The staged scenes that break up the film’s more direct reportage are conceived individually, as set pieces with little apparent coherence or timeline (with the exception of one grand, Vincente Minnelli-style finale, in which Anwar is thanked by his victims). The gangster-stars of these surreal vignettes fluidly switch roles from perpetrator to victim, from wounded soldiers and cowboys to showgirls, suited gangsters, and vengeful spirits. The effect is disarmingly fresh and horrific, and one can immediately see the project’s appeal to Herzog (one of the project’s executive producers). When Oppenheimer presented the film recently at the Walker Art Center, both the domestic theatrical release and international release versions were shown, on consecutive evenings.
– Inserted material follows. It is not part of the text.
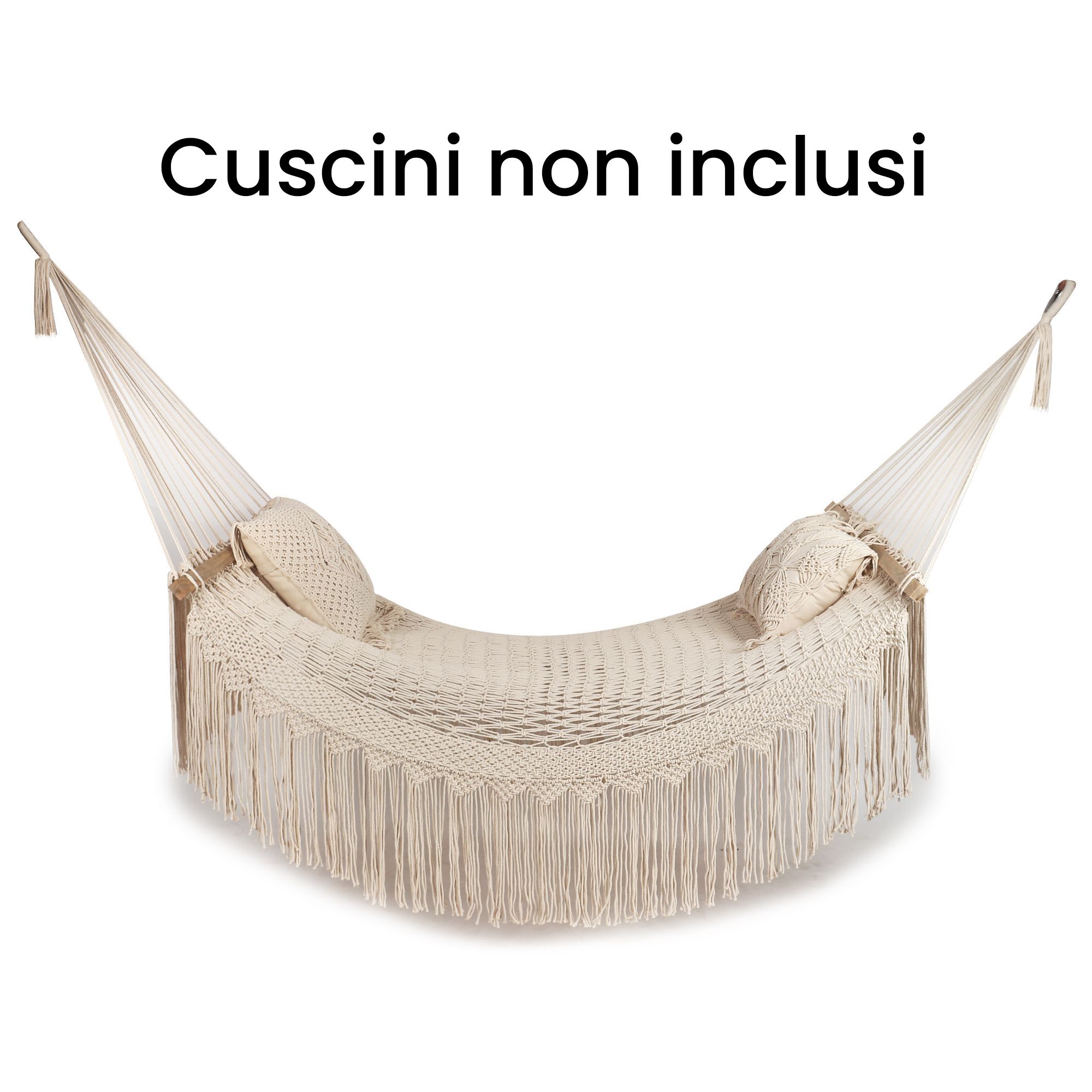 Lasciati cullare da un equilibrio perfetto tra natura e artigianato con questa meravigliosa amaca in cotone intrecciato e legno di acacia, pensata per trasformare ogni angolo in un rifugio di puro benessere. Il corpo dell’amaca è realizzato in morbido cotone intrecciato in una rete fitta ma ariosa, che si adatta dolcemente al corpo avvolgendolo in un abbraccio leggero. I dettagli in legno di acacia, resistente e caldo, donano un tocco di eleganza rustica e autenticità, mentre le lunghe frange danzano con la brezza, creando un effetto visivo rilassante e armonioso. Questa amaca non è solo un complemento d’arredo, ma un invito a rallentare, a ritagliarsi un momento per sé stessi, a riscoprire il piacere delle piccole cose. Perfetta per un portico, un giardino ombreggiato o anche un grande soggiorno luminoso, si integra facilmente in ambienti boho, naturali o contemporanei, portando con sé un senso di leggerezza e serenità. Perché nella frenesia del quotidiano, questa amaca ti ricorda che il vero lusso è prendersi il tempo di non fare nulla, sospesi tra cielo e terra, cullati da bellezza e silenzio.

While the longer version (some 45 minutes longer) contains some useful contextual information and a number of longer interviews with the subjects, I would recommend the shorter, 115 minute version if you happen to catch Killing before it leaves theaters (undoubtedly its best viewing context).This is not because the viewer is spared additional horror/s –the longer version is in fact more personable and easier to digest– but because of a number of editing and shot choices that I found superior. The most striking of these comes at the film’s close, when Anwar visits for a second time the former interrogation center that, in an early scene, he danced on the terrace of (in effect the building’s killing floor), but now assays with a new humility, despair, and psychosomatic nausea. In the international version the scene closes with the image of Anwar in the process of leaving the space, paused on a stairway landing between the open-air terrace and the ground floor – essentially caught in the throat of the building between past and present, recognition and escape. The shorter version of the film closes with a longer version of the scene. After pausing on the landing, we cut to a full shot on the ground floor and pan from the bottom of the stairs toward the building’s entrance. As Anwar walks away from the camera toward the door it becomes clear that the former interrogation center is now a shop, the walls on either side festooned with hundreds of gaudy handbags –a supreme image of the victory of Suharto’s New Order ‘reforms’.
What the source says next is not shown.